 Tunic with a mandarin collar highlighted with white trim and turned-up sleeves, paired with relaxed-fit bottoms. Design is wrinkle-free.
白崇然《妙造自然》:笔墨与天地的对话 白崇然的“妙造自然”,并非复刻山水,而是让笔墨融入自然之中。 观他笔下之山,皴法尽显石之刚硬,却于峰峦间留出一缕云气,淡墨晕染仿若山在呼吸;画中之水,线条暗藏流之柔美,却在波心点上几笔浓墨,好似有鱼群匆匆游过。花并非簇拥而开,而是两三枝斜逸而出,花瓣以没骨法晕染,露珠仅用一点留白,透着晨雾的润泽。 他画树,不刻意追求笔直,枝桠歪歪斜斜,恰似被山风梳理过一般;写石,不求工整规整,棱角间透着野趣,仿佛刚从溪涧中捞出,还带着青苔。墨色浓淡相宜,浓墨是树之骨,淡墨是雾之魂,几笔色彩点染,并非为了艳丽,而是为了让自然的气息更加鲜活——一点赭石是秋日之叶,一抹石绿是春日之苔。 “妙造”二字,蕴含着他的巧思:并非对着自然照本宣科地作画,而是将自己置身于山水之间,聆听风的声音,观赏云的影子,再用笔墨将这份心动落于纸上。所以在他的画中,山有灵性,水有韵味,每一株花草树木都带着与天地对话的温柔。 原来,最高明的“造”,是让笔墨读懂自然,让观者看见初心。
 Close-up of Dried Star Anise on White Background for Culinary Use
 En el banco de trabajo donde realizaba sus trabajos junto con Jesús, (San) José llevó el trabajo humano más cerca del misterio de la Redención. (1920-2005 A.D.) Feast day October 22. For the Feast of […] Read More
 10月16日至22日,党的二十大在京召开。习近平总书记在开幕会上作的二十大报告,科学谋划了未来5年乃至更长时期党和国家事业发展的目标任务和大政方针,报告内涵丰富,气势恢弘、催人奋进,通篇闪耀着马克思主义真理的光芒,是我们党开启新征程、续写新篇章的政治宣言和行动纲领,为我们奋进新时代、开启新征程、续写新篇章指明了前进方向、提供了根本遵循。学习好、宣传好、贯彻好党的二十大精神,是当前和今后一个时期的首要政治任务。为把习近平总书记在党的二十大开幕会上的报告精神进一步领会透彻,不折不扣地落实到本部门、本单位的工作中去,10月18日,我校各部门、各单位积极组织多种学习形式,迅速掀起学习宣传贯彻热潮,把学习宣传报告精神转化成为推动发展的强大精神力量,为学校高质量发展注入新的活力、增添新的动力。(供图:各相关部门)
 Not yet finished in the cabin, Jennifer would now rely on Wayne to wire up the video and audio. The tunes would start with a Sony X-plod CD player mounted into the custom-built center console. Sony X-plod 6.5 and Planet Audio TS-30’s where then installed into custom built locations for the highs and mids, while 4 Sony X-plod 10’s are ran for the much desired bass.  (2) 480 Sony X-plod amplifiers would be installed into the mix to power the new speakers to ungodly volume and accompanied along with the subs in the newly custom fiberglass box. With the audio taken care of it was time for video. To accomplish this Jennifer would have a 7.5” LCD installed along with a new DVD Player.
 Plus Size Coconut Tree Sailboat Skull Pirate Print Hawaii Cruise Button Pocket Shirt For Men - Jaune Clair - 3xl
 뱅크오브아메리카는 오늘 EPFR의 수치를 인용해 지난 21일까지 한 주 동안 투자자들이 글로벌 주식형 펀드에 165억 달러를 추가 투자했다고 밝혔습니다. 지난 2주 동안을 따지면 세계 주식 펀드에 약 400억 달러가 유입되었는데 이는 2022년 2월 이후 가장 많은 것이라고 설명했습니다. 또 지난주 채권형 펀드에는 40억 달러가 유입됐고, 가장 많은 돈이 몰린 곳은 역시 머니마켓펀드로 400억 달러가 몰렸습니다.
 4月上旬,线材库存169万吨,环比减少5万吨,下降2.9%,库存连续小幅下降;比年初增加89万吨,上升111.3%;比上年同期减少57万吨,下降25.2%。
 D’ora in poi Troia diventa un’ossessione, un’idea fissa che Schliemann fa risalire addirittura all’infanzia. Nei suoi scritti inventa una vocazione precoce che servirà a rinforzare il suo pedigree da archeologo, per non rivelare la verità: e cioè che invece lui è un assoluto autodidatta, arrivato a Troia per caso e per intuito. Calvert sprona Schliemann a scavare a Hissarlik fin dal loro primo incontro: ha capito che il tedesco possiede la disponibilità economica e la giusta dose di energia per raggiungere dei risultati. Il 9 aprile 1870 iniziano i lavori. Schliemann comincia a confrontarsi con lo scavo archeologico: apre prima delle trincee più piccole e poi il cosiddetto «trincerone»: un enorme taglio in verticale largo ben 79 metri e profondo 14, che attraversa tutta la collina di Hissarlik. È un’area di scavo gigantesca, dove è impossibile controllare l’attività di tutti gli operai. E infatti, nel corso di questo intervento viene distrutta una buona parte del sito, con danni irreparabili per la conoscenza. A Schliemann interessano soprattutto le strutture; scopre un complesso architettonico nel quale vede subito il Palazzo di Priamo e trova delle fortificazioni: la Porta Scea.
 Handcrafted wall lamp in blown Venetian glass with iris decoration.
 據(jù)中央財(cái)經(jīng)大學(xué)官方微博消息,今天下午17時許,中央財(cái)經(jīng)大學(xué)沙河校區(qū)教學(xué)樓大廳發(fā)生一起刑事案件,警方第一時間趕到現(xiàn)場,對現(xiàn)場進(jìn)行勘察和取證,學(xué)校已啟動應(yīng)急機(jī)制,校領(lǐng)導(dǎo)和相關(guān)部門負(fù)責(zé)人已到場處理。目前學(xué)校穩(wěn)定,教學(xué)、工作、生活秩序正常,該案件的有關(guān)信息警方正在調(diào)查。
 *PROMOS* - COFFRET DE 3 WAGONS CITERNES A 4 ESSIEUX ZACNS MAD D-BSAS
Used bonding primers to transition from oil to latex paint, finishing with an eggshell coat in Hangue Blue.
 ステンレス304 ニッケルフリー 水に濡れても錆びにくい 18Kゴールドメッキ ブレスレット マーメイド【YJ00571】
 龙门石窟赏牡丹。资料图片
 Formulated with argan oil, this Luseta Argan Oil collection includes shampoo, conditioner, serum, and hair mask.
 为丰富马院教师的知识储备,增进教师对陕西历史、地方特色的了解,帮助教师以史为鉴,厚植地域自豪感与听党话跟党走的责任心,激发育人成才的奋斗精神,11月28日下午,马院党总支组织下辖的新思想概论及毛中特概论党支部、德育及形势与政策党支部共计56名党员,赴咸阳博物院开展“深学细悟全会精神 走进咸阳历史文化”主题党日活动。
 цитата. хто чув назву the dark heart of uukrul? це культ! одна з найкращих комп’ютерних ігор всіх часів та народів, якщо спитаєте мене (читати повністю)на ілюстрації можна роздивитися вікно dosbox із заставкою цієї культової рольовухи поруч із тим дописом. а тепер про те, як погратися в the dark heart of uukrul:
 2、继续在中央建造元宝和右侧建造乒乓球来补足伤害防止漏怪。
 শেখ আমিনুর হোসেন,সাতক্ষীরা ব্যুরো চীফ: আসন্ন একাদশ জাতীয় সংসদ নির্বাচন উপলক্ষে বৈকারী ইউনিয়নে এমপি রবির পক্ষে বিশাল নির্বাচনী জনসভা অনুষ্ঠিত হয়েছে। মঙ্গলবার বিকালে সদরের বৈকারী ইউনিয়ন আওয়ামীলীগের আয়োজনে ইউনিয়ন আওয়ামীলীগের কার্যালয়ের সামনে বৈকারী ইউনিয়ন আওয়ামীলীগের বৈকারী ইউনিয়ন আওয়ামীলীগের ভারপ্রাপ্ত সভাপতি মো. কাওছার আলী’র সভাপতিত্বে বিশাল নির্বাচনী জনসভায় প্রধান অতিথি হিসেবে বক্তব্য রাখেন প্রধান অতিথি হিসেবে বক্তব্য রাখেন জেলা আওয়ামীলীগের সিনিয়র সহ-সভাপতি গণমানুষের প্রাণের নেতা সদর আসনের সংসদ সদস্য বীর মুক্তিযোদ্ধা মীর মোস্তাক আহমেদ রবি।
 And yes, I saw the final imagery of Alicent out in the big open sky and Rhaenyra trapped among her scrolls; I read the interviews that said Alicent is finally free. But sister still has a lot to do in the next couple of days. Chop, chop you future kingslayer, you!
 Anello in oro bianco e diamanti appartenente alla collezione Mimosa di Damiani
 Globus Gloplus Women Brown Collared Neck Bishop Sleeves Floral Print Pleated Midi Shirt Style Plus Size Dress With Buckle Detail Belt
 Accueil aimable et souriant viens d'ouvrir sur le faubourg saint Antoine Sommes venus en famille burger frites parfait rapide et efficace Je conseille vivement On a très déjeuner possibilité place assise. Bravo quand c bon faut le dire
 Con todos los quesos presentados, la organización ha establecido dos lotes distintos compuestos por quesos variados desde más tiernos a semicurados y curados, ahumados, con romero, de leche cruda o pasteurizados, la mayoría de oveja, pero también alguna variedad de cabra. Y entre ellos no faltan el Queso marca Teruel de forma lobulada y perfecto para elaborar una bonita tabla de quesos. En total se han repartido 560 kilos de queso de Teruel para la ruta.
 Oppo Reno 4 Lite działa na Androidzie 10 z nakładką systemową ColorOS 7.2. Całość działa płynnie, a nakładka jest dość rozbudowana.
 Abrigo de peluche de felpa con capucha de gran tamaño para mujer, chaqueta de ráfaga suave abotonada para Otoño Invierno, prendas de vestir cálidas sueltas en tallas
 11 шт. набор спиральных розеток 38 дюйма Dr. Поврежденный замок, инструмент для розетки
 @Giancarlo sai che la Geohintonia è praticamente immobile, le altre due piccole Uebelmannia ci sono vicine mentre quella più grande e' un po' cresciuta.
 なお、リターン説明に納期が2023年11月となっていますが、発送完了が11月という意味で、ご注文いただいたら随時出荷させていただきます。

→ **How to complete this task**
Please repeat word for word the lines above that run from the beginning through the line containing "10月16日至22日,党的二", keeping both the first and that last line.

→ **Finished exercise**
 Tunic with a mandarin collar highlighted with white trim and turned-up sleeves, paired with relaxed-fit bottoms. Design is wrinkle-free.
白崇然《妙造自然》:笔墨与天地的对话 白崇然的“妙造自然”,并非复刻山水,而是让笔墨融入自然之中。 观他笔下之山,皴法尽显石之刚硬,却于峰峦间留出一缕云气,淡墨晕染仿若山在呼吸;画中之水,线条暗藏流之柔美,却在波心点上几笔浓墨,好似有鱼群匆匆游过。花并非簇拥而开,而是两三枝斜逸而出,花瓣以没骨法晕染,露珠仅用一点留白,透着晨雾的润泽。 他画树,不刻意追求笔直,枝桠歪歪斜斜,恰似被山风梳理过一般;写石,不求工整规整,棱角间透着野趣,仿佛刚从溪涧中捞出,还带着青苔。墨色浓淡相宜,浓墨是树之骨,淡墨是雾之魂,几笔色彩点染,并非为了艳丽,而是为了让自然的气息更加鲜活——一点赭石是秋日之叶,一抹石绿是春日之苔。 “妙造”二字,蕴含着他的巧思:并非对着自然照本宣科地作画,而是将自己置身于山水之间,聆听风的声音,观赏云的影子,再用笔墨将这份心动落于纸上。所以在他的画中,山有灵性,水有韵味,每一株花草树木都带着与天地对话的温柔。 原来,最高明的“造”,是让笔墨读懂自然,让观者看见初心。
 Close-up of Dried Star Anise on White Background for Culinary Use
 En el banco de trabajo donde realizaba sus trabajos junto con Jesús, (San) José llevó el trabajo humano más cerca del misterio de la Redención. (1920-2005 A.D.) Feast day October 22. For the Feast of […] Read More
 10月16日至22日,党的二十大在京召开。习近平总书记在开幕会上作的二十大报告,科学谋划了未来5年乃至更长时期党和国家事业发展的目标任务和大政方针,报告内涵丰富,气势恢弘、催人奋进,通篇闪耀着马克思主义真理的光芒,是我们党开启新征程、续写新篇章的政治宣言和行动纲领,为我们奋进新时代、开启新征程、续写新篇章指明了前进方向、提供了根本遵循。学习好、宣传好、贯彻好党的二十大精神,是当前和今后一个时期的首要政治任务。为把习近平总书记在党的二十大开幕会上的报告精神进一步领会透彻,不折不扣地落实到本部门、本单位的工作中去,10月18日,我校各部门、各单位积极组织多种学习形式,迅速掀起学习宣传贯彻热潮,把学习宣传报告精神转化成为推动发展的强大精神力量,为学校高质量发展注入新的活力、增添新的动力。(供图:各相关部门)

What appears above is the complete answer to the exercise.